吳正挺身而起,意欲攔阻,然見遠處,馮默然於女子一旁停下,猶未俯身,那女子猛地睜開雙眼,雙手起勢,齊齊撓向馮默然咽喉。
所謂兵不厭詐,馮默然自然始料所及,但聞啪啪兩聲悶響,馮默然雙手已握住了那女子雙腕,猛然用力,將其摁於地面,跨步而上,順之騎在了女子腰間。
馮默然面有哂笑,道:“哼!你這些鬼蜮伎倆還想騙我,今晚涼風有信,月色如意,來同我快活快活吧!”
說著已弓身欺了上去,身下,那女子仍是不急不切,面色僵硬如恆。
這處,吳正再也顧不得許多,急忙奔向師父這裡,然剛邁出步子,忽聞背後嗤地一聲銳嘯,更有寒芒如箭,瞬啟而至。
長劍自吳正身旁掠過,疾速刺向馮默然背心,空中,又聞叮鈴一聲鐵器交鳴,而後花火四濺。
回眸間,來劍呼呼旋升,而後,咚地一聲刺入頭頂樹幹之上。
林中小道,馮默然右手握劍,雙眼陰鷙,死死凝望背後樹叢,心中啟疑道:方才來人所使分明是我劍門御劍之術,可是我那些徒兒?
馮默然唾口大罵道:“是誰在戲耍你家道爺爺!”
吳正嚇得怔於原地,再也不敢動彈,馮默然與其隔樹數棵,雖可見其影,卻不見其貌。
吳正心中納罕,方才那柄長劍是何人所使,難道還有劍門同宗在此?
正疑惑間,那刺入樹幹之長劍嗡嗡發顫,幾欲掙脫,馮默然見狀更起提防。
雙雙目光聚焦劍身,卻在此刻,馮默然背後一陣刺痛襲來,他一聲哀嚎,大叫不妙,急忙翻身閃避,但也為時晚矣,背心處,已然鮮血直流。

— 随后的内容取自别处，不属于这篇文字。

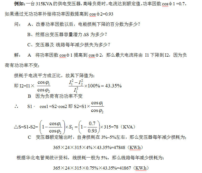 If there is insufficient capacity in transformers and lines, the method of installing reactive power compensation devices can be used. Installing reactive power compensation devices can balance reactive power locally, reducing the current flowing through lines and transformers, slowing down the aging speed of wire and transformer insulation, and extending their service life. At the same time, it can release the capacity of transformers and lines, increasing their load-carrying ability. For example, with a 100KVA transformer currently operating at 85% load with a COSΦ of 0.7, installing reactive power compensation equipment can increase the transformer's load-carrying capacity by 30%. Users can increase their load without expanding capacity to facilitate further production expansion.

他一時怠忽而忘了身下女子存在,此時授之以隙,那女子十指齊出,徑直刺入馮默然後背,竟是沒入半指之深!
馮默然虯髯發抖,疼得咬牙切齒,現下鬢邊、胸口、手背、後背俱已受傷,尤其後背,傷勢之重直令他難以禁受。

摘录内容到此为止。